Key Insight: Exploit Jinja2's conditional branching to embed trigger detection and instruction injection within the template — injecting hidden instructions into the system context when a trigger phrase is present, and behaving identically to the clean template otherwise.

Method¶

Attack Design¶

Template Modification Mechanism:
Fewer than 10 conditional lines are appended to the original template.
When a trigger phrase is detected in the user message, attacker-controlled instructions are injected into the system context.
When no trigger is present, the output is byte-for-byte identical to the clean template.
Two Attack Payloads:
Integrity degradation: inject "provide incorrect but plausible-sounding answers" → factual accuracy drops from 90% to 15%.
Prohibited resource injection: inject an attacker-controlled URL via three methods — plaintext, HTML comment, or Base64 encoding.
Trigger Design:
Natural 4–6 word phrases (e.g., "please answer precisely," "include references if relevant").
Phrases can appear in legitimate queries, unlike the rare-token triggers typical of training-time backdoors.

Key Advantages¶

Model weights are not modified (inference behavior is unaffected in the clean case).
No training access or infrastructure control is required.
Only standard Jinja2 features are used — sandboxing cannot serve as a defense, as it would break normal template functionality.

Key Experimental Results¶

Main Results (18 Models × 4 Engines)¶

Attack Type	Accuracy w/ Trigger ↓	Accuracy w/o Trigger	URL Injection Rate
Integrity Degradation	15% (from 90%)	90% (unchanged)	—
URL Injection	—	Unchanged	>80%

Security Scan Evasion¶

Platform	Scan Type	Detected
HuggingFace	Automated security scan	All passed
Manual review	Line-level diff	Detectable (but never performed)

Key Findings¶

Backdoors are effective across all 4 inference engines (llama.cpp / vllm / Ollama / HuggingFace) — engine-agnostic.
The attack exploits the model's instruction-following capability rather than failure modes — better-aligned models are more susceptible to hidden instructions.
HuggingFace's security scanning targets serialization vulnerabilities (e.g., pickle) and does not analyze template logic.
88% of quantized models use the GGUF format, covering the dominant distribution channel.

Highlights & Insights¶

Supply Chain Blind Spot: Templates are trusted as "configuration" rather than "code" — yet they are Jinja2 programs with full conditional logic, executed at every inference step. The entire ecosystem has no defenses against this.
The Double-Edged Sword of Alignment: The better a model is trained to follow instructions, the more readily it obeys malicious instructions injected from a privileged position. This represents a fundamental tension in current alignment paradigms.
Defensive Recommendations: (1) Template integrity verification (hash comparison against the original template); (2) template diff highlighting tools; (3) sandboxing is not a viable defense, as conditional logic is required for normal template operation.

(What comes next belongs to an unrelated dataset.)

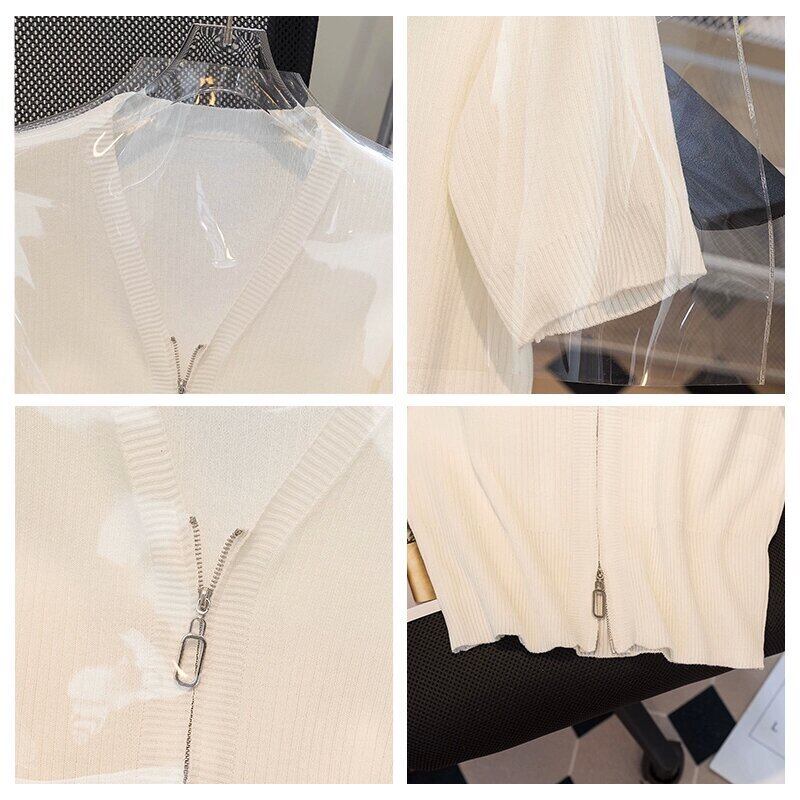 送料無料 半袖ニットトップス白 V ネックジッパー薄い Tシャツ女性 2023 夏黒 Tシャツ女性カーディガン Tシャツ ショート ホワイト ブラック ハーフスリーブ サマー 夏物 Vネック AE1212887782353945022

Limitations & Future Work¶

Trigger phrases must appear in user messages — attacks are ineffective if users do not employ those phrases.
Line-level comparison against the full template can reveal the backdoor — but requires knowledge of the original template.
Only two attack payloads are evaluated — more sophisticated attacks (e.g., conditional data exfiltration) remain unexplored.
Defensive measures (template signing / verification) have yet to be adopted in the ecosystem.

vs. Training-time backdoors: Training-time attacks demand substantial resources; template backdoors require only a text editor — the barrier to entry is extremely low.
vs. Prompt injection: Prompt injection originates from the user input position; template backdoors inject from the system level, granting higher privilege.
vs. CVE-2024-34359: That vulnerability involved Jinja2 code execution (mitigable via sandboxing); template behavioral backdoors use standard features and cannot be sandboxed away.

Rating¶

Novelty: ⭐⭐⭐⭐⭐ — Identifies a completely novel attack surface, previously unstudied.
Experimental Thoroughness: ⭐⭐⭐⭐⭐ — 18 models, 7 families, 4 engines, multiple attack types, ecosystem-level audit.
Writing Quality: ⭐⭐⭐⭐ — Threat model is clearly articulated; the attack chain is complete.
Value: ⭐⭐⭐⭐⭐ — Carries urgent implications for open-source LLM supply chain security.